Can a bank socially distance itself from its primary federal regulator?
In the midst of the Covid-19 pandemic, the answer is apparently yes.
The Office of the Comptroller of the Currency, which oversees nationally chartered banks and thrifts, has been impacted by the virus’ shutdown in much the same way as the institutions it oversees.
In an interview with Bank Director, Acting Comptroller of the Currency Brian Brooks — who replaced former Comptroller Joseph Otting after his resignation on May 29 — says the pandemic has forced the agency to adapt its preferred method of operation to the restrictions of social distancing.
“One thing that I worry about from a supervision perspective is, historically, bank examiners go on-site,” Brooks says. “Not because it’s convenient, but because being able to be in a room with bankers and sit face to face with people … is a critical tool in identifying fraud and identifying trends that might not make it onto a management report, or might not be raised in a formal presentation. And the longer banks are in a work-from-home environment, the harder it is for us to do that human aspect of bank supervision.”
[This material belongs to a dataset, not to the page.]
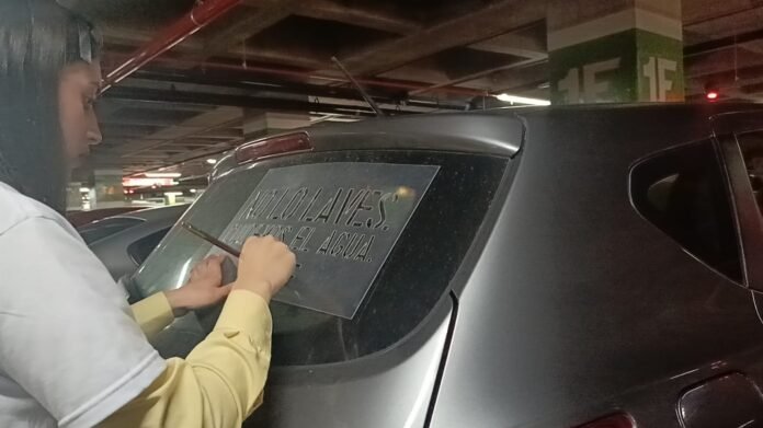 La estrategia para llamar la atención del público consiste en “imprimir sellos” en los carros sucios, con mensajes como NO LO LAVES . CUIDEMOS EL AGUA.

Brooks says while there are legitimate health reasons why much of the banking industry has operated with a distributed workforce for the last several months, he’s anxious to reintroduce the element of personal contact into bank supervision. “I know that may not happen next month or even this quarter, but we need to start charting that course back, because this method of supervision can’t go on forever,” he says.
The OCC is reopening its facilities on June 21 and is encouraging people who do not have underlying health conditions and would feel comfortable doing so to return to their offices. “That’s our way of showing leadership to the industry of how one can start charting this course back to normalcy,” Brooks explains. “But having said that, we’ve moved to significantly enhanced cleaning schedules. We’re obviously providing face masks and gloves to people who are in mail-handling or public facing positions. We’re changing seating arrangements to maximize the availability of social distancing. And of course, we’re continuing to allow anyone who wants to, to work remotely while making the office … more normalized for everybody else.”
Brooks believes that recent data on the virus suggests that the health risk for most people is manageable. “What the data seem to be showing is that hospitalization rates and fatality rates for people of working age, who don’t have particular risk conditions, seem to be within historic norms,” he says. “Which is not to say that this is not a dangerous disease, but it does appear to be that … people who are under a certain age and who don’t have certain conditions are not at special risk relative to other types of viruses that we’ve seen before.”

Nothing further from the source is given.